Accept responsibility for your own feelings.
It's easy to bottle up your emotions when you're feeling overwhelmed, but this only lets negative thoughts and anticipations plant their seeds. "When facing unexpected situations or situations requiring change and adaptation, confronting feelings openly and without judgment frees you up to problem solve," says Dr. Mendez. Acknowledge that you're feeling the way you're feeling-it will lessen the opportunity for negative thoughts to fester and promote the self-reflection necessary for clear thinking and action-taking.
Take the time to enjoy parenthood.
Remind yourself that not everyone gets the chance to have children. You are blessed and lucky to be able to bring a child into this world. "Make it a point each day to relish the reality that you do have a child and each day tell yourself one thing that you are excited about parenthood," suggests Dr. Ruskin.
Set aside time as a couple, too.
You've probably been used to divvying up your time only between work, friends, family and your significant other, but now you have to make room for parenthood-which will undoubtedly take up as much time as you have. Still, don't forget to squeeze in time for you and your partner as a couple. "It's important to preserve the unity of the partnership as the foundation of the growing family. "It's important during the transition to parenthood for couples to hold onto the value they place on together time and build such time into their plans as they welcome a new addition to their lives," says Dr. Mendez. "When couples neglect time alone together, the chances of distancing and disconnecting from the core of the unit increase."

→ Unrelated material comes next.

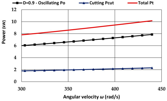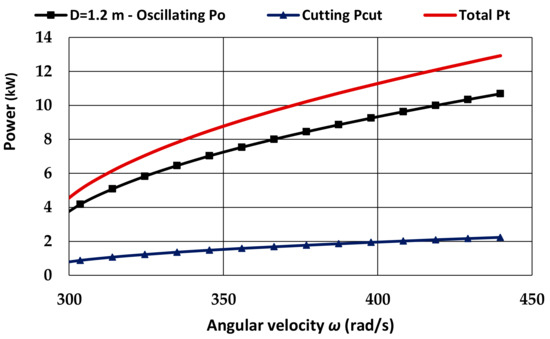 The choice of the best excitation frequency ω value must be made between the minimum limit of 360 rad s−1 to have the maximum linear displacement of the blade (Figure 7) and the maximum limit of 420 rad s−1, which depends on the resistance of the blade and the oscillator materials. Considering that the total energy required practically does not depend on ω, the optimal value between these limits depends only on two factors: (1) the cutting time tcut, which must be minimized, maximizing ω (Figure 9); and (2) the total power required Pt, to be minimized by minimizing ω (Figure 10, Figure 11 and Figure 12). Since even in the most onerous condition with the 1.2 m blade diameter, the difference in total theoretical power Pt required between 360 and 420 rad s−1 is just +3.2 kW, it is advisable to operate at maximum ω, given that in this way, a reduction of 25% in the cutting time tcut is obtained.
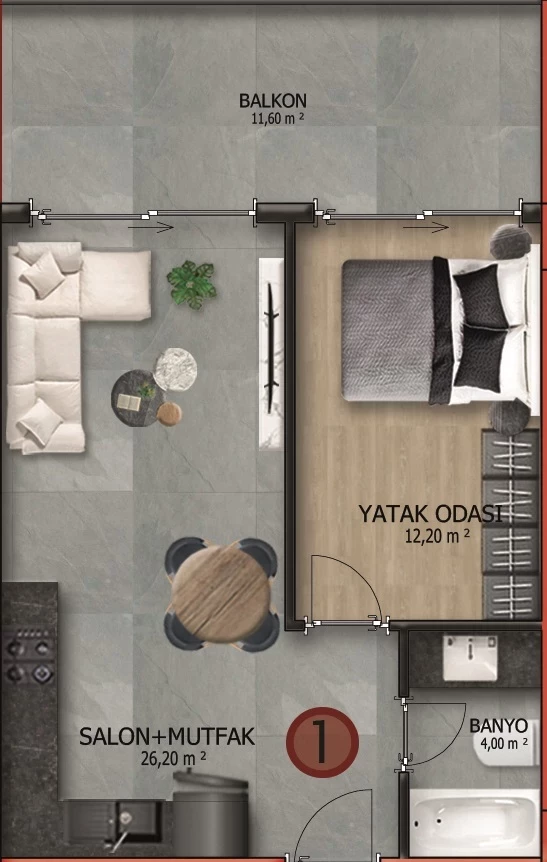 Yotoq xonasi: 1

Create a vision for the future.
There will be moments that are tough and challenging. Remind yourself that it's going to happen and that this, too, shall pass. "There's a future-the future in a few hours from now, the future tomorrow, the future in a year and years," reminds Dr. Ruskin. "Looking at and thinking about what the future might look like when it comes to parenthood can help things feel a little less overwhelming."